[r-t] Jump change notation
Andrew Johnson
andrew_johnson at uk.ibm.com
Sun May 17 17:09:28 UTC 2015
> From: Don Morrison <dfm at ringing.org>
> On Sun, May 17, 2015 at 2:47 AM, Glenn Taylor
> <gaataylor at blueyonder.co.uk> wrote:
> > FWIW, when Cambridge Jump was first published in the RW in about 1979
the
> > notation used was along the lines of:
> >
> > -3-(4.2)-2 etc.
> >
> > the "novelty" being that the bracketed part indicated that the next
row was
> > the end result of applying 14 followed by 12. Whilst less mathematical
and
> > perhaps a little more cumbersome than the notation used for
permutations and
> > cycles, it does have the benefit of retaining current notation (apart
from
> > the need to understand the purpose of the brackets) and thereby being
> > "accessible" to the non-mathematical interested party.
>
> Thank you. I'd completely forgotten about this.
>
> It has the virtue of being entirely clear how to go from the notation
> to a permutation. On the other hand, it seems exceedingly unclear how
> to go from a permutation to the notation! For the simple treble jump
> cases it works easily, but for more arbitrary jump changes you end up
> having to compose more than two ordinary changes.
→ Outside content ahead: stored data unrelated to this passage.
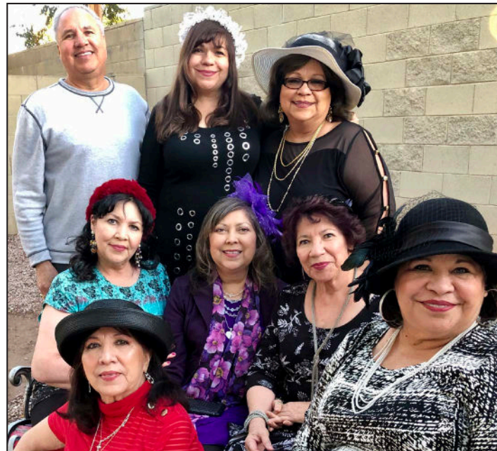
So many tias!
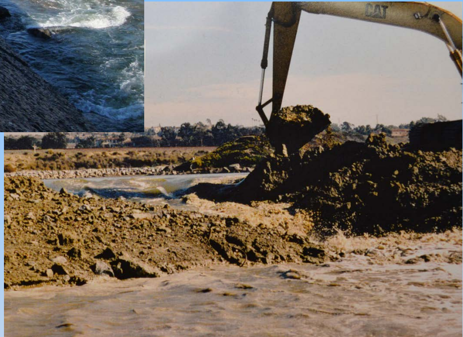
Batiquitos Lagoon.
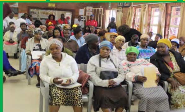
Ntshongweni community listening attentively to speeches
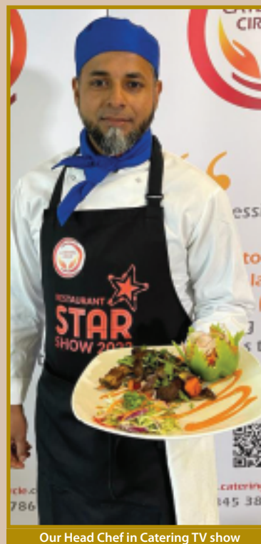
Our Head Chef in Catering TV show
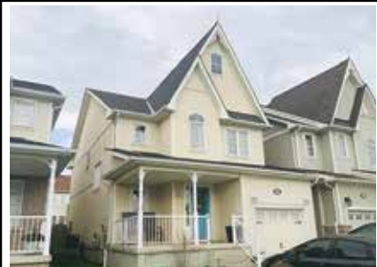
69 Cranborne Cres, Brooklin
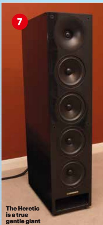
The Heretic is a true gentle giant
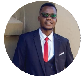
Lovemore Sondashi CONTRIBUTING WRITER
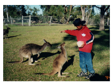
Making new Aussie friends
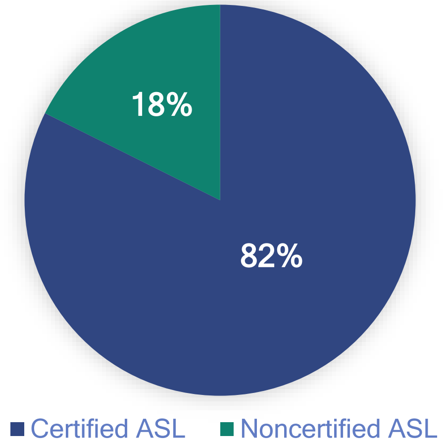
ASL Interpreted Court Events FY 2020-24
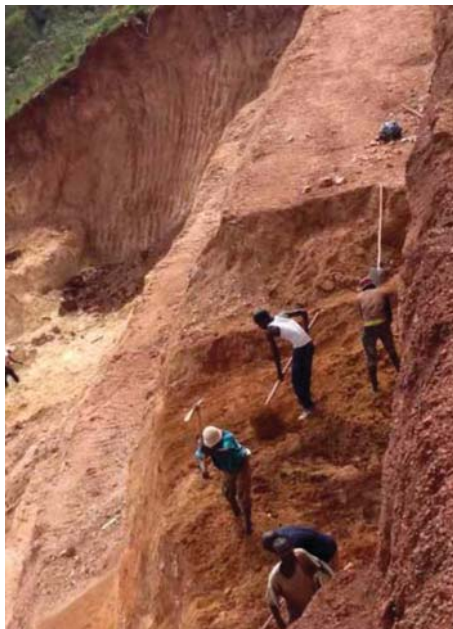
Figure 7—Mining activities on bench
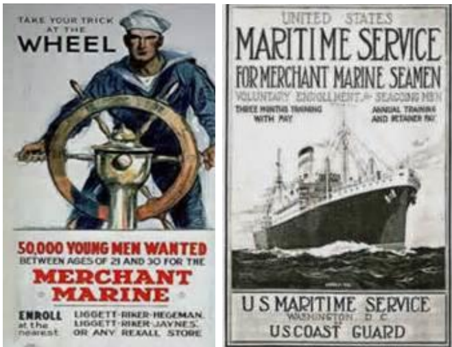
Vintage Merchant Marine recruiting posters Summer 2015 Halyards
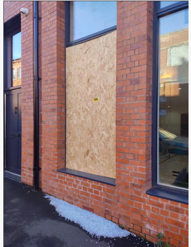
Boarded up window after break in on Tenby Street North
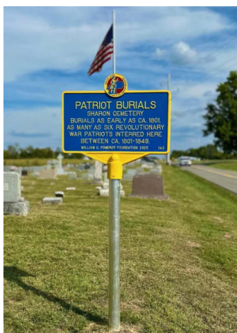
Patriot Burials marker in Augusta, KY.
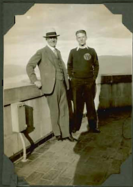
Aleck & Vernon Vista House Columbia Highway
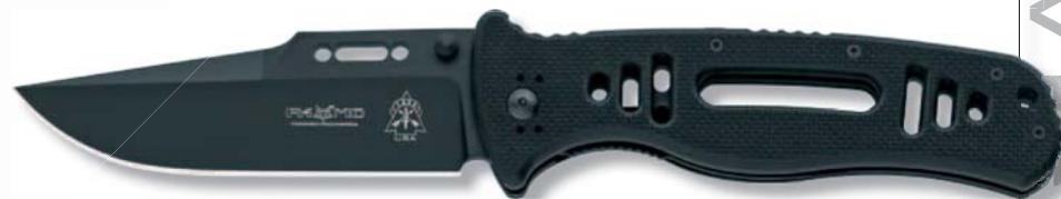
Art. FX-CQT-747 Tops Knives CLIP Point Liner Lock

lama cm 11 - blade 4.33" ◦ totale cm 25,8 - overall 10.15" spessore mm 4 - thickness 0.157" ◦ peso 270 g - weight 9.52 oz manico - handle → G10 clip → reversibile acciaio inossidabile - reversible stainless steel
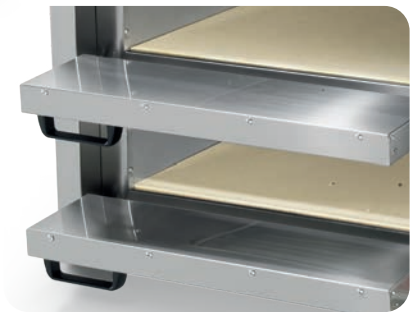
Refractory stone decks
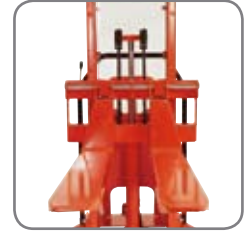
Adjustable forks are available as optional extra in many different lengths and types.

Available with manual and electric lifting.
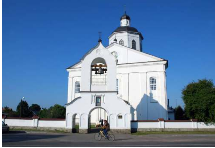
The Church of the Transfiguration was built between 1730-1793 as a union church. It now belongs to the Orthodox Church.

The Second World War ruined his literary plans and gave his life a new turn. By the end of the war, he fled to Italy, and later England leaving his beautiful wife and son behind. After that there are few recorded facts left about his life. There are rumors that he could have been recruited by MI6, or became a prototype for the James Bond series. But I guess, we'll never know for sure.
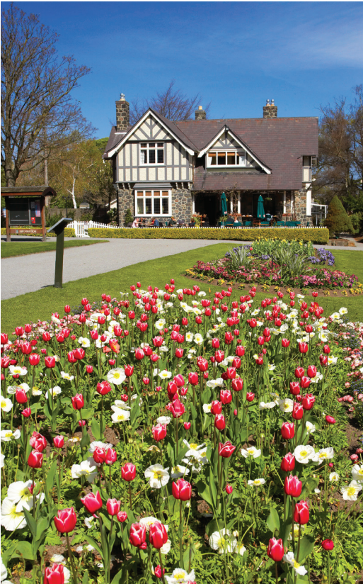
We tour Christchurch’s Botanic Gardens on Day 10.
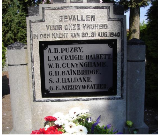
The memorial stone with the original text and the amended version.
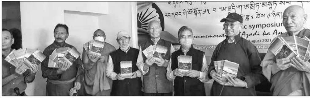
During the release of Bi-monthly journals and publications 'Sheeraza' and the first Ladakhi Publications of 1976 'Shesrig Melong' translated in English.
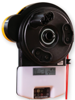
Opener with LED Courtesy Light
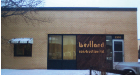
Westland's office from 1979 to 2006.

During the early years, one piece of office furniture – a picnic table – acted as a desk, filing cabinet, lunchroom and boardroom table. But in time, with Norm at the helm, the company started to grow, and Westland acquired both local and rural construction jobs.
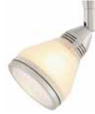
FJ-LOW-1-SN-S3-WH-SN Satin Nickel with Satin Nickel S3 White Shade
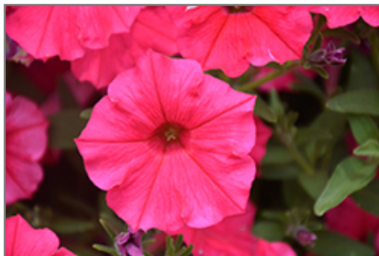
Supertunia Vista Paradise Petunia flowers

Supertunia Vista Paradise Petunia is recommended for the following landscape applications;
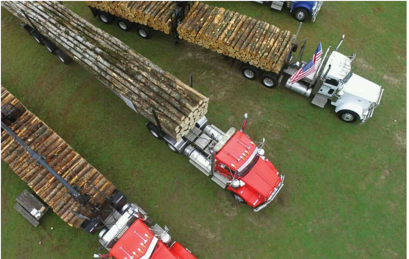
A highlight of every Expo is the Best Load competition, in which loggers and truckers show off the best of the best of Minnesota's wood. This is a bird's eye view of three of last year's outstanding Best Load entries.
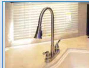
PULLOUT KITCHEN FAUCET
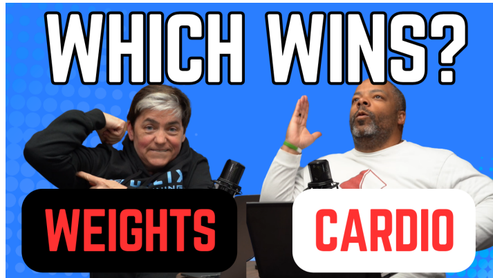
Cardio vs Weight Lifting

Top-performing episodes by unique Apple Podcasts listeners.
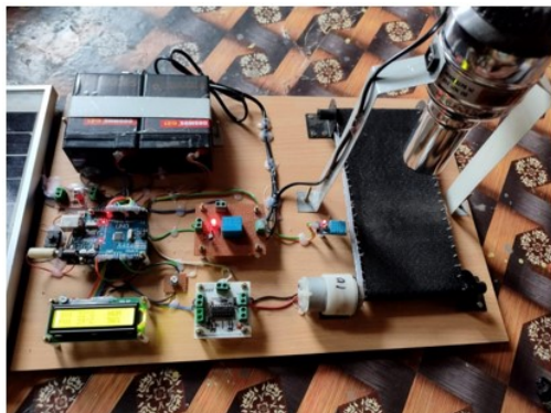
Fig. 3. Hardware model of Smart Solar Seed Dryer using Arduino
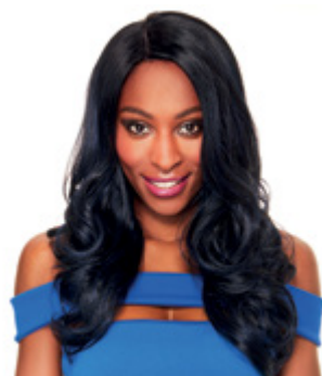
OPAL SPOTLIGHT 101 SYNTHETIC, Tongable Lace Free 4x4" Parting
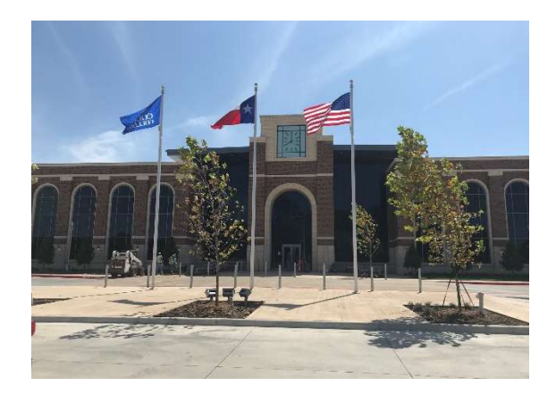
Front View of Welcome Center
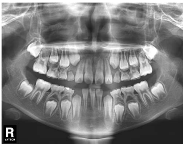
Fig. 6. The highest scored image of the 'poor, but diagnosable' image quality group.

of 100. Considering that 75% of the reference dose was used, the score would be 88, and thus, 88 points can be recommended.
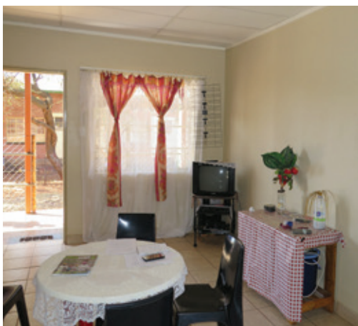
Top left: Illegal electricity connections in Nkaneng settlement. Top Right: People living in Nkaneng are forced to make use of communal water towers and communal taps. Due to poor roads and infrastructure, collecting this water can be difficult. Some residents prefer to wash clothes etc at the water source. Bottom Left: Interior of two bedroom unit in converted hostel.
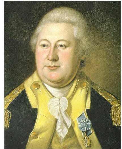
General Henry Knox (1750-1806)

During the winter of 1778-79, the Jacobus Vanderveer House was the home and headquarters of General Henry Knox, who commanded a military training academy in Pluckemin. The 1772 Dutch Colonial home is the only surviving structure associated with the Pluckemin Artillery Cantonment, considered America's first military training academy and a precursor to the United States Military Academy at West Point.
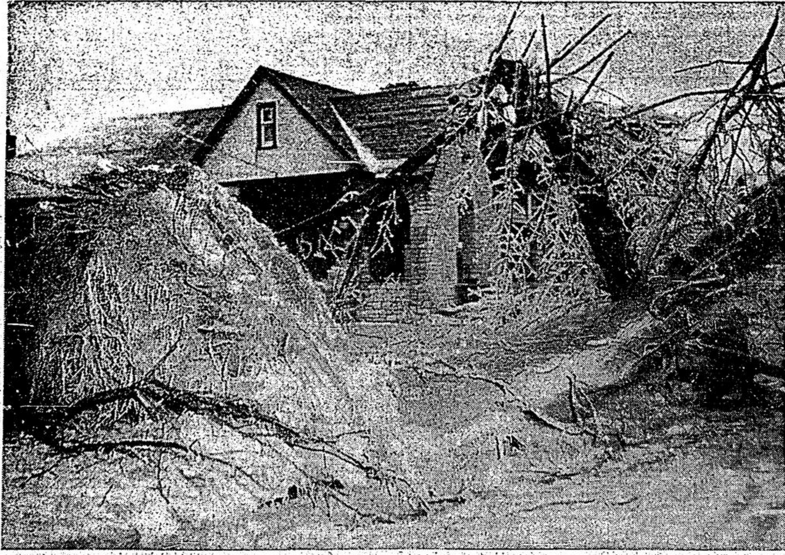
The village of Markham was one of the hardest hit communities in the district. The Main Street was cut off to through traffic early Monday morning when trees and broken branches toppled across the highway. Shown here, one large tree was uprooted and crashed down dangerously close to the Orville Heisey home in Mount Joy. Telephone and hydro wires were twisted and tangled.
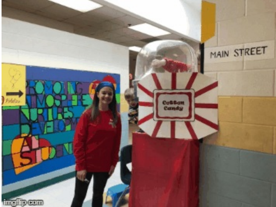
Students and their families enjoy annual Enota fair

Enota MI Academy recently held its annual Multiple Intelligences Fair on January 25th. This year the school decided on a carnival theme in which students created their own carnival games. All fourth and fifth graders researched, drew blueprints, and created games made of recycled materials. The top twenty games were then chosen to be displayed and played at the MI Fair. Second and third graders brainstormed and created their own putt-putt courses. Kindergarten and first grade students got in on the fun and made slime to hand out as prizes for the games.
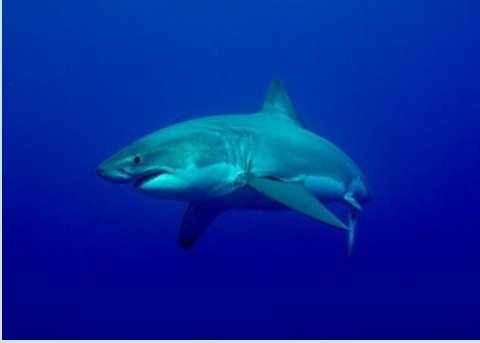
White sharks ( Carcharodon carcharias) are distributed but uncommon along the East Coast from Newfoundland and the Gulf of St. Lawrence in Canada to Florida, Cuba, the Bahamas and the Gulf of Mexico. They can grow to about 21 feet in length.

In general do you
> not have to assemble a sort of mini-composition or mini-method to get
> between two arbitrary rows? And in general do you not have a host of
> alternative possibilities to choose between (infinite, I think, though
> you could undoubtedly come up with some rules that at least bound
> things, probably to no more than N-1 ordinary changes to be composed,
> where N is the stage)? Is there an obvious choice for a canonical
> representative among them?
>
> I'm intrigued by your implication that it is more accessible than the
> alternatives. Ander's version simply names the bells (well, places)
> that jump. That seems perfectly accessible to the naive user. Is it
> that it is unclear how to figure out what the other bells do that
> makes it seem more "mathematical" to you? And the brute force of
> simply writing down the permutation seems well within the normal scope
> of what ringers do--it's the same as dealing with a lead head, course
> head or coursing order--what am I missing that makes that less
> accessible?
>
> Anyway, as part of seriously considering this fourth possibility, does
> anyone have a suitable algorithm for going from an arbitrary
> permutation to something in this notation? The opposite need as in
> schemes (2) and (3) in my previous message.
>
The obvious algorithm is have a change where you swap bells which are out
of order (starting from the front just to make the choice definitive),
then see what you get and repeat the process until you get to the target
change. It even works for non-jump changes.
E.g.
13572468 -> 17432865
13754286 = 12
17345286 = 1678
17432586 = 1278
17432856 = 123458
17432865 = 123456
You can also put the place notation into a non-jump change aware program -
it might be false, but it will end up at the right row.